In the material below, find the line with "年長さんの面倒を見る1年生の" and the line with "抵达红星公园,学生代表手持素". Output exactly those two lines and all lines between them, leaving out pictures.

DATA TO PROCESS:
Segment Open
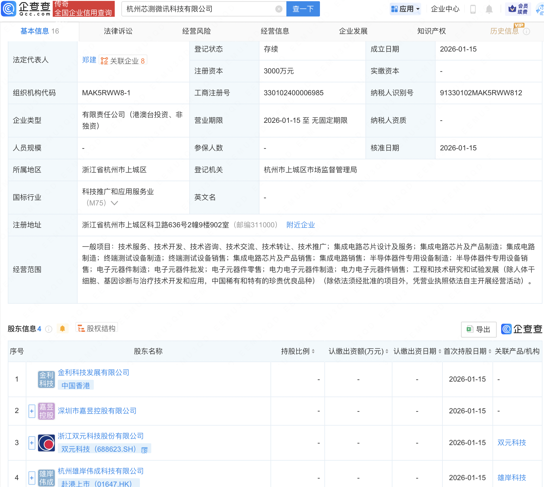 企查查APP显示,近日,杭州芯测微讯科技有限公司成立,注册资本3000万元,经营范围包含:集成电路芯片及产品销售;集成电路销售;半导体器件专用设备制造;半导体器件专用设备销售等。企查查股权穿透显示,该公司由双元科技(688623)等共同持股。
Segment Closed
Segment Open
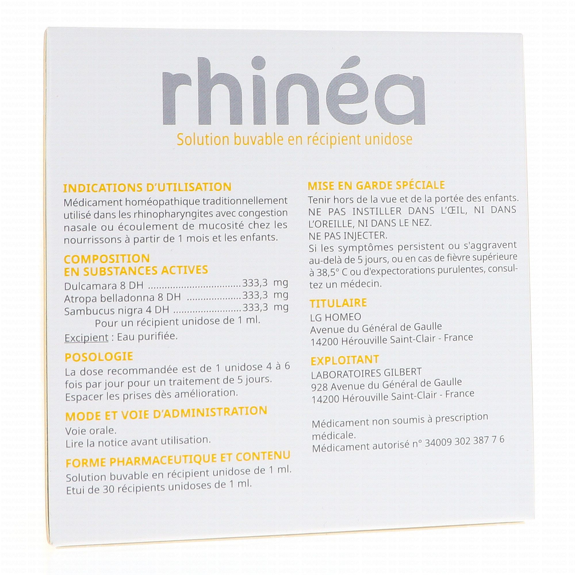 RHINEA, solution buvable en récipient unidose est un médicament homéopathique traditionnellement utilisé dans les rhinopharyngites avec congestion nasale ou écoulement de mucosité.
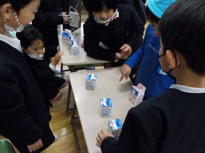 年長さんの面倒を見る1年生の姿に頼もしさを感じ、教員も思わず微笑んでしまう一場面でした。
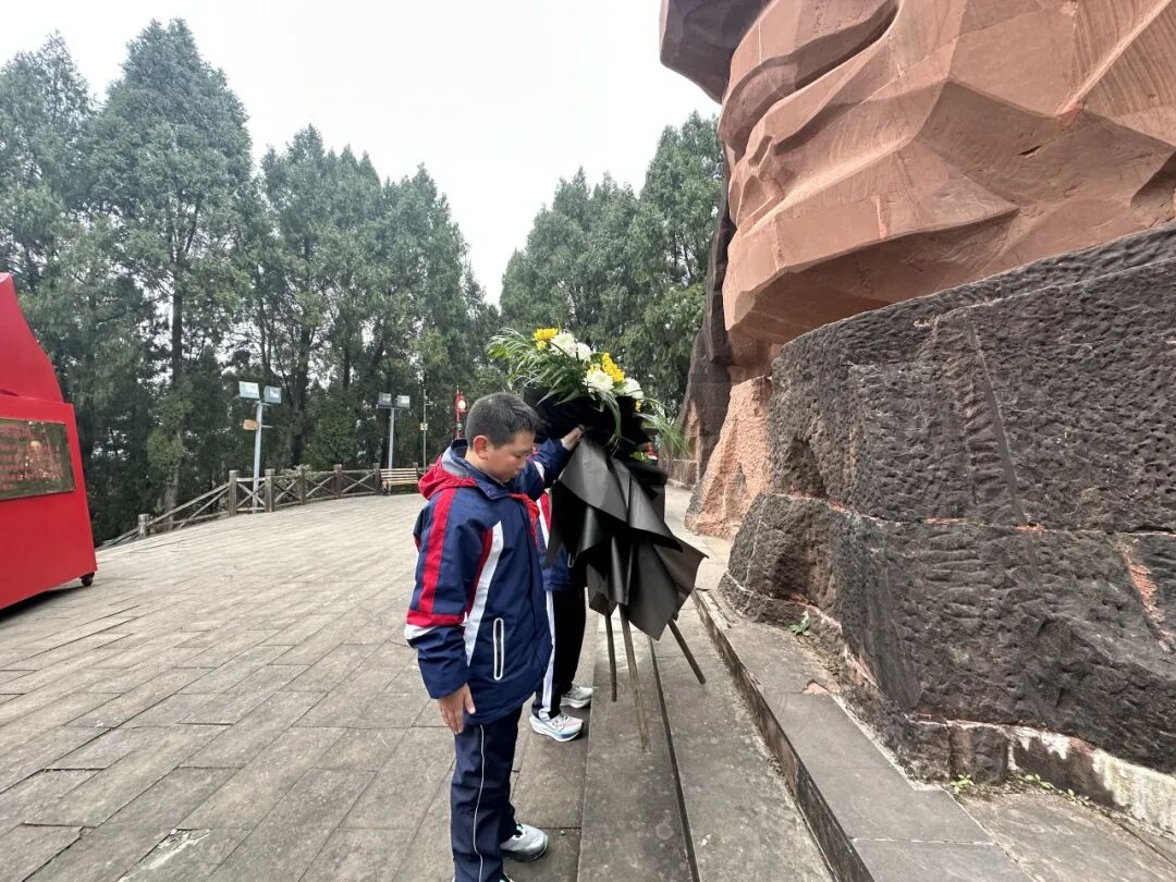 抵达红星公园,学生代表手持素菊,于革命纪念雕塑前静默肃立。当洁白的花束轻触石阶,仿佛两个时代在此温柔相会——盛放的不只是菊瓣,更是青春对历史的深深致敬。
Segment Closed
ANSWER TO THE EXERCISE:
 年長さんの面倒を見る1年生の姿に頼もしさを感じ、教員も思わず微笑んでしまう一場面でした。
 抵达红星公园,学生代表手持素菊,于革命纪念雕塑前静默肃立。当洁白的花束轻触石阶,仿佛两个时代在此温柔相会——盛放的不只是菊瓣,更是青春对历史的深深致敬。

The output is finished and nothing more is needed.